The F5 Security Incident Response Team (F5 SIRT) helps customers tackle security incidents in real time. As part of the 2021 Application Protection Report, earlier this year, we looked at the top reported security incidents to the F5 SIRT for the years 2018 through 2020. Now we’re taking a deeper dive into the reported security incidents at financial organizations, sometimes referred to as BFSI for banking, financial services, and insurance institutions.
A quick recap: in our March article, we noted that financial services organizations experienced the highest ratio of incidents attributed to password login attacks (46.2%) compared to all other sectors. They were third in the percentage of denial-of-service (DoS) incidents (36.1%). The last largest category was web-related attacks, at 6.3%. Figure 1 breaks down the categories of incidents at financial organizations.
A wide variety of organizations fall under financial services, including banks of varying sizes, credit unions, insurance companies, government-sponsored financial institutions, stock exchanges, investment funds, payment processors, consumer finance lenders, brokerages, and companies that service the financial sector. We’ll look at all of these and note the differences in the data, starting with the largest category, banks.
Cyberattack Incidents at Banks
Banks are the largest segment in the 2018-2020 financial services incident data, representing 40% of the records. Out of financial services organizations, banks saw more DoS attacks (41%), which is five points above the average of 36%. However, they also saw fewer password login attacks (41%), which was five points below the average of 46%. One possible reason for this is that banks have better antibot controls in place, which mitigate password login attacks, and thus see fewer attacks than the average financial organization. Web attacks make up 6% of the reported bank security incidents, which is on par with the average.
Of the password login attacks against banks, the majority of incidents were reported as brute force (77%), with the remainder (23%) reported as credential stuffing botnet attacks.

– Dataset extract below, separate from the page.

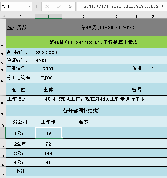 定位到B11单元格输入公式“=SUMIF($I$4:$I$27,A11,$L$4:$L$27)”,向下填充完成各分公司周工作量数据统计。
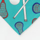 Modern and trendy sports lax turquoise lacrosse pattern with lacrosse black sticks and a white rubber ball background. Sports gift ideas for men, women, boys and girls. Ideal for birthdays.

The DoS attacks that could be classified were mostly web application, or layer 7, attacks (36%), followed by network volumetric attacks (24%) and DNS DoS (14%) attacks, with the rest uncategorized.
Cyberattack Incidents at Large and Small Banks
We had enough data to do a significant breakout by bank size, as shown in Figure 2. Using a bank asset size of USD $100 billion as a divider between large and small banks, we found that large banks reported more DoS attacks. Of all the incidents larger banks reported, 44% were DoS, while only 37% of incidents at smaller banks were noted as DoS. This is reversed for password login attacks, with smaller banks seeing a higher proportion (48%), while larger banks saw only 36%. Reported web attack incidents were nearly the same—large banks 6% and small banks 7%.
Cyberattack Incidents at Credit Unions
Some may think that credit unions are like small banks, but they are far different. For one, credit unions are owned by their customers, so they are far more focused on individual consumers than the average bank. This consumer focus shows up in the cyber-incident data as well, with 88% of incidents reported as password login attacks. This is nearly double the average and far higher than banks see. Credit unions provide a lot more customer services, which means more user-friendly logins that attackers are eager to exploit with credential stuffing and brute force attacks.
DoS attacks are also far below the average at credit unions, showing up as only 8% of reported incidents. It could be that credit unions are less of a target for DoS because they are perceived as having less money to pay ransom. Or perhaps they aren’t as unloved as banks or they’re simply not seen as a potential target. Credit unions also saw about half the average of web attacks, at 3%.